Retour

Un jeu de société pour contrer la cyberdépendance 

Cyberdépendance, cybercrimes et technologies de l'information sont au centre d'un nouveau jeu de société créé et distribué dans la région de Québec. RÉZO invite les jeunes à se questionner sur le phénomène.

Un texte de Camille Simard

RÉZO recréé notamment un réseau social comme Facebook, mais autour d'une table plutôt que devant un ordinateur ou un téléphone.

Les jeunes sont invités à répondre à des questions et à relever des défis.

L'ambiance se veut conviviale tout en s'adaptant aux besoins des jeunes, explique Francis Soulard, le concepteur du jeu.

Il cite en exemple une jeune fille qui aurait l'idée de se prendre en photo nue et de l'envoyer à son copain.

« Son copain montre la photo à son ami. Est-ce qu'il peut être accusé de distribution de pornographie juvénile? La réponse c'est oui », illustre-t-il.

L'idée derrière le jeu, c'est d'éviter de devenir cyberdépendant, sans faire la morale aux jeunes.

« On doit coopérer ensemble, pour créer un réseau social, à l'intérieur duquel on ne deviendra pas cyberdépendant. Si on le devient, le jeu gagne et on a tous perdu », explique M. Soulard.
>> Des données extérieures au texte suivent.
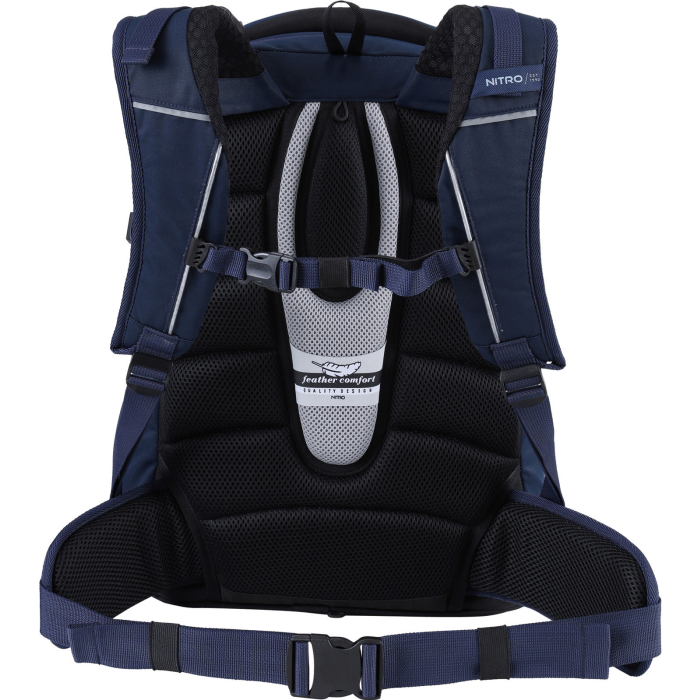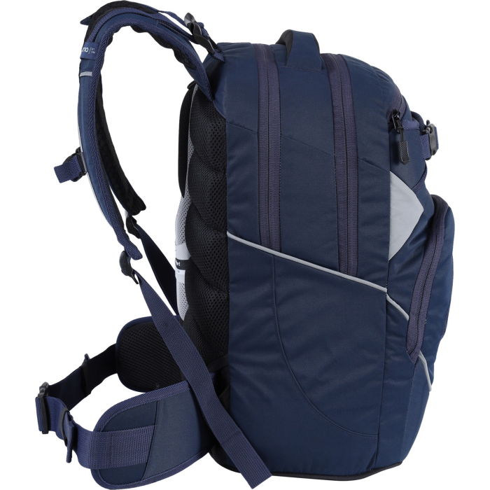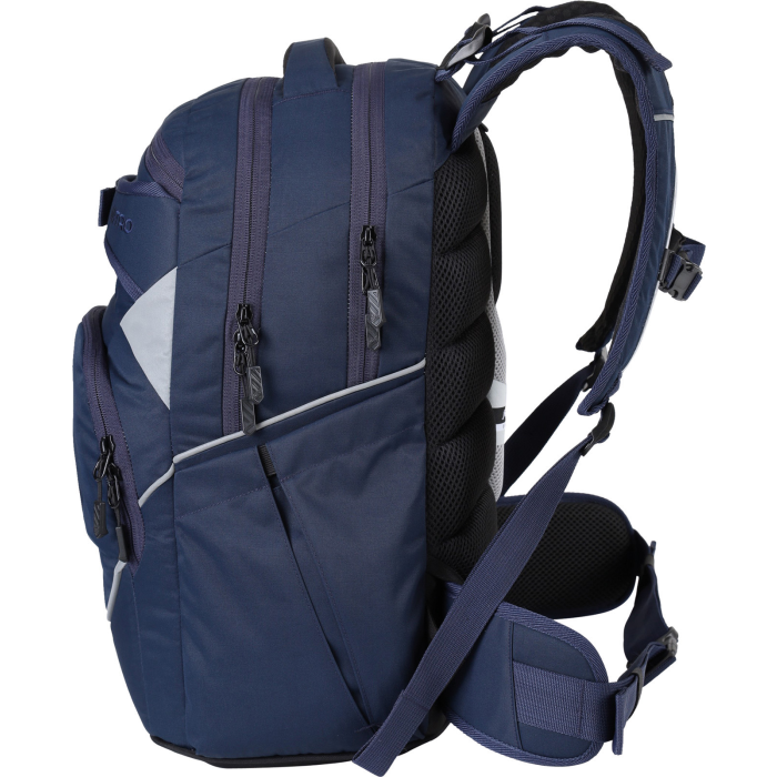 Fleecom vystlané vrecko na okuliare a podobne chúlostivé veci, dve hlavné priestranné oddelenia, z ktorých jedno obsahuje organizér na zložky a zošity, fleecové vrecko na tablet. Predné termoizolačné vrecko čo uchová studené pitie alebo desiatu pekne v chlade, postranné vrecko na fľašu, odpínací bedrový pás, ľahký a priedušný chrbtový panel "Feather comfort". Nechýbajú reflexné prvky zo všetkých strán, mäkké ucho v hornej časti a pohodlné ergonomické popruhy z mäkkej sieťoviny s nastaviteľným hrudným pásom. Objem 32 l. Rozmery 44 x 30 x 22 cm. Hmotnosť 1,1 kg.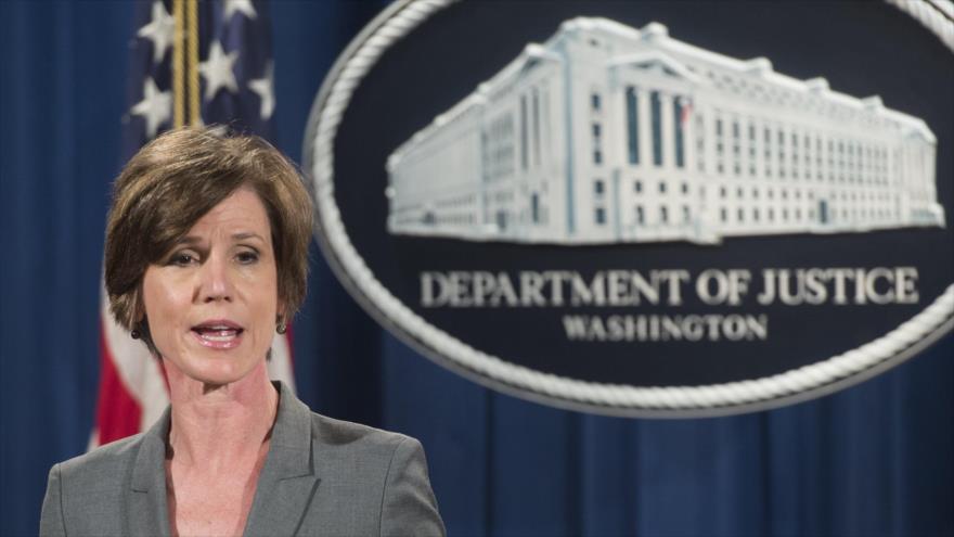 La fiscal general en funciones, Sally Yates, fue despedida por desobedecer la orden ejecutiva del mandatario estadounidense emitida el viernes que impide la entrada de ciudadanos procedentes de Irán, Irak, Siria, Yemen, Sudán, Libia y Somalia a Estados Unidos por un periodo de 90 días, y el ingreso de solicitantes de asilo en cuatro meses.

Se réfugier dans la cyberdépendance

« C'était Youtube, des jeux vidéo, des réseaux sociaux », énumère Yannick Méas-Bureau, un jeune adolescent qui pouvait passer jusqu'à huit heures par jour devant son écran d'ordinateur.

Le jeu lui a fait prendre conscience à quel point il était devenu dépendant.

« Je l'admets au début, j'étais presque dépendant de l'Internet. Le jeu m'a permis de m'ouvrir les yeux à mon problème. Et ça m'a permis de diminuer ma fréquence sur Internet de deux à quatre heures », admet-il.

Il a aussi constaté que cette vie virtuelle ne correspondait pas à la réalité.

Francis Soulard espère pour sa part que le jeu va « déconstruire » cette problématique.

« Le jeu rejoint l'objectif de développer des liens entre les jeunes, de briser l'isolement social, et ça crée des sujets de conversation entre les jeunes par la suite ».

Élaboré par la Table d'actions préventives jeunesse ( TAPJ ) de la Jacques-Cartier, le jeu a été développé à petite échelle et distribué dans différents milieux comme les maisons de jeunes et certaines écoles.

« Notre objectif c'est de le distribuer partout à travers le Québec. Nous sommes à la recherche de bailleurs de fonds », conclut Francis Soulard.